_Information provided_
-=-=-=-=-
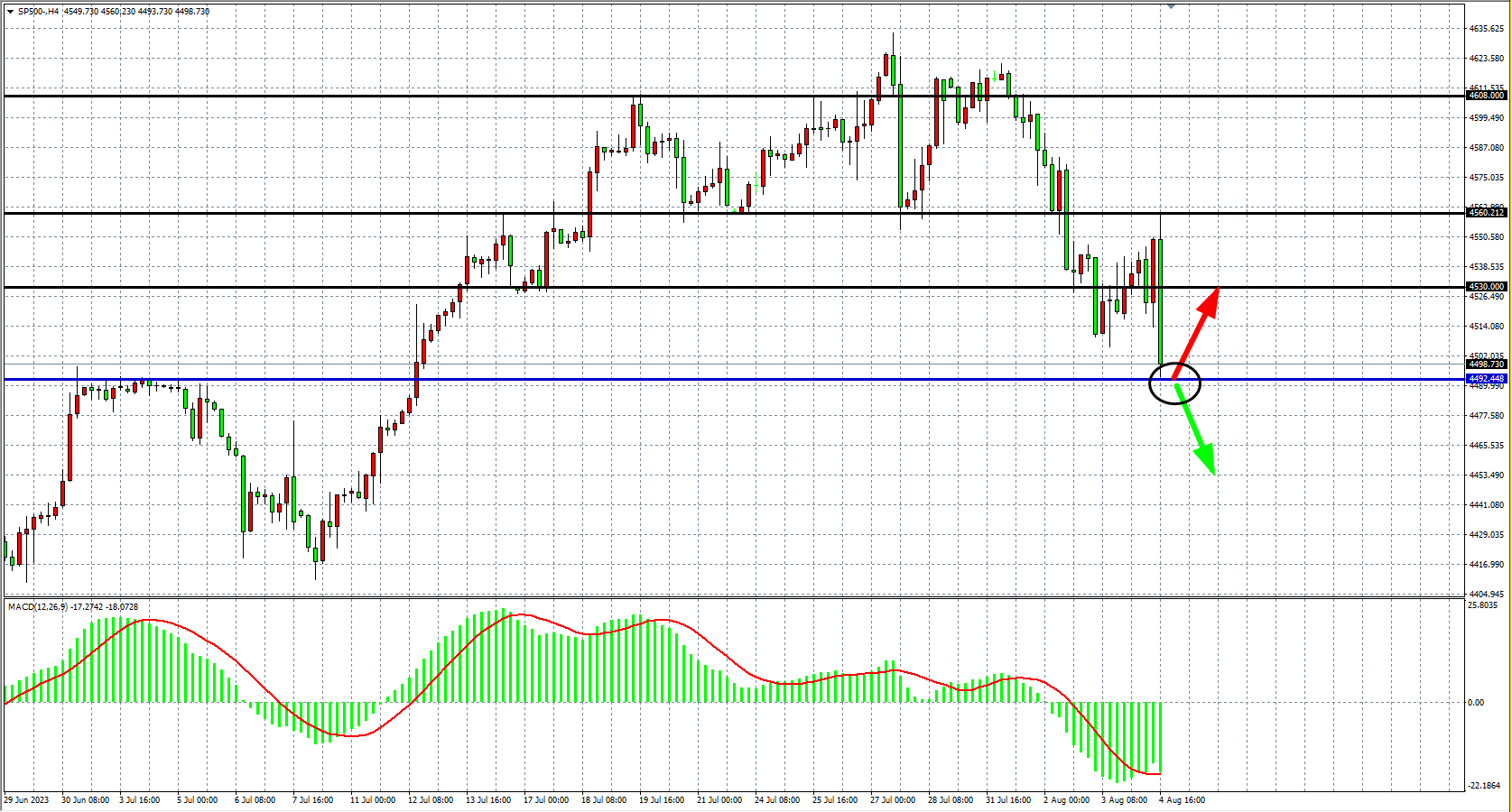 4小时图看,标普进一步下跌至4490附近,MACD量能在零轴下放量,短线延续空头,阻力关注4530-4560附近。
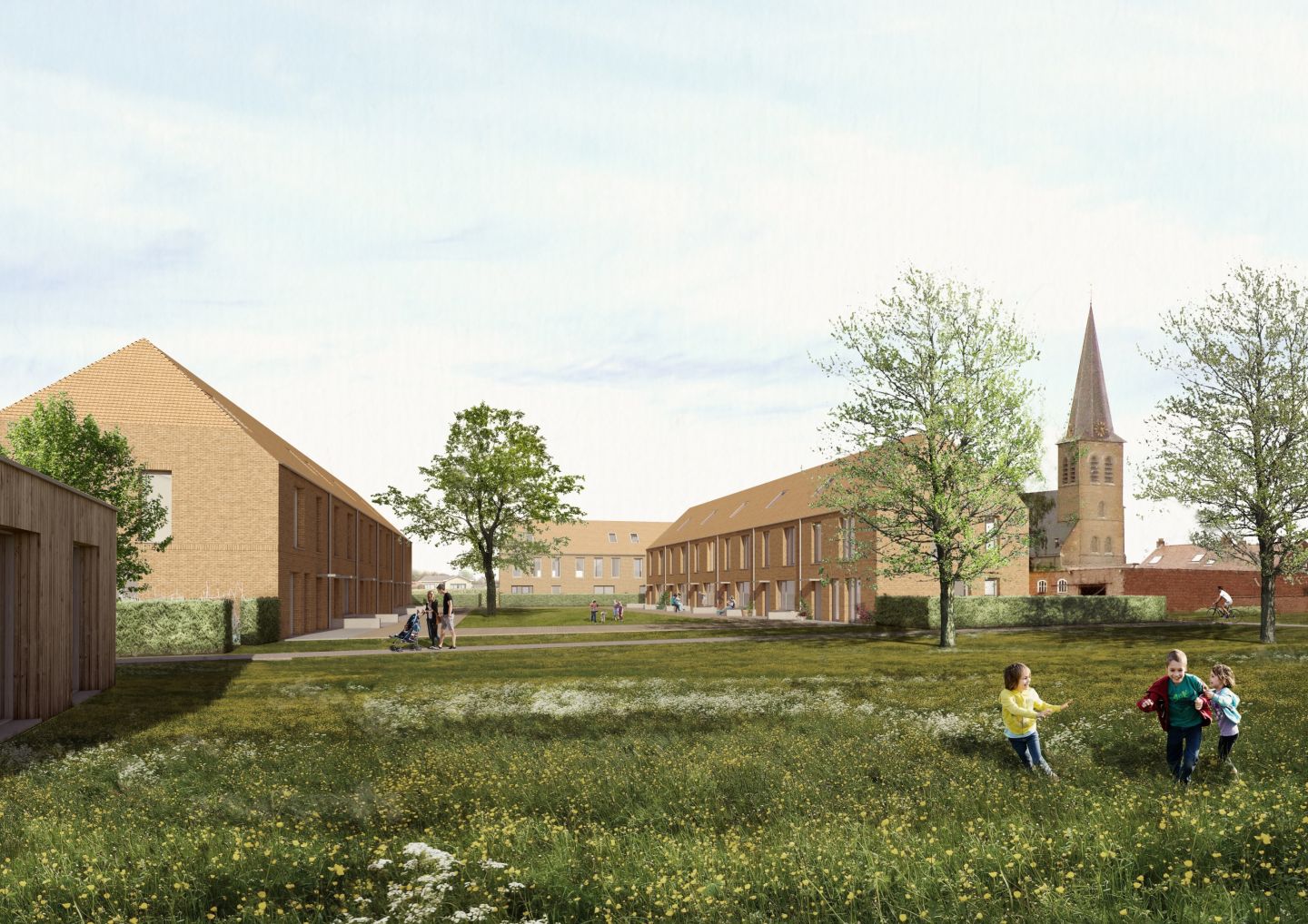 Een centrale groene ruimte ent zich op de bestaande structuur, zorgt voor uitzicht op het ruime landschap en verbindt tegelijk de wijk met het centrum en de kerk. Water wordt gebufferd en afgevoerd naar kleine beekjes en grachten. Zij behouden het agrarische karakter van deze site en begrenzen de landschapskamers. De woningen hebben een totale footprint van slechts 12-15% en ook de verharding is minimaal. Dit is een groene wijk in het centrum van het dorp.
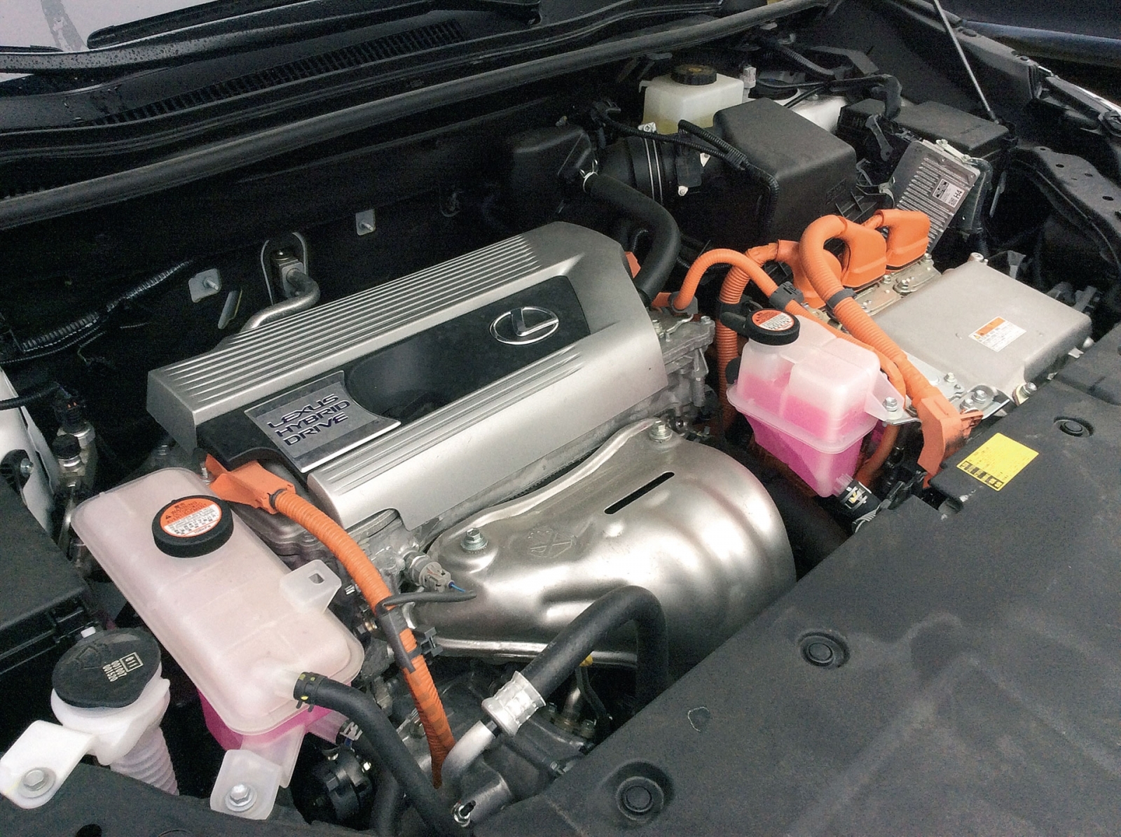 Komora silnika samochodu marki Lexus z widocznym modułem mocy i przewodami instalacji wysokowoltowej (kolor pomarańczowy) napędu hybrydowego
-=-=-=-=-
Transcribe word for word only the lines from the one with "Een centrale groene" through the end of the listing; every picture is to be omitted.

_Result of the exercise_
 Een centrale groene ruimte ent zich op de bestaande structuur, zorgt voor uitzicht op het ruime landschap en verbindt tegelijk de wijk met het centrum en de kerk. Water wordt gebufferd en afgevoerd naar kleine beekjes en grachten. Zij behouden het agrarische karakter van deze site en begrenzen de landschapskamers. De woningen hebben een totale footprint van slechts 12-15% en ook de verharding is minimaal. Dit is een groene wijk in het centrum van het dorp.
 Komora silnika samochodu marki Lexus z widocznym modułem mocy i przewodami instalacji wysokowoltowej (kolor pomarańczowy) napędu hybrydowego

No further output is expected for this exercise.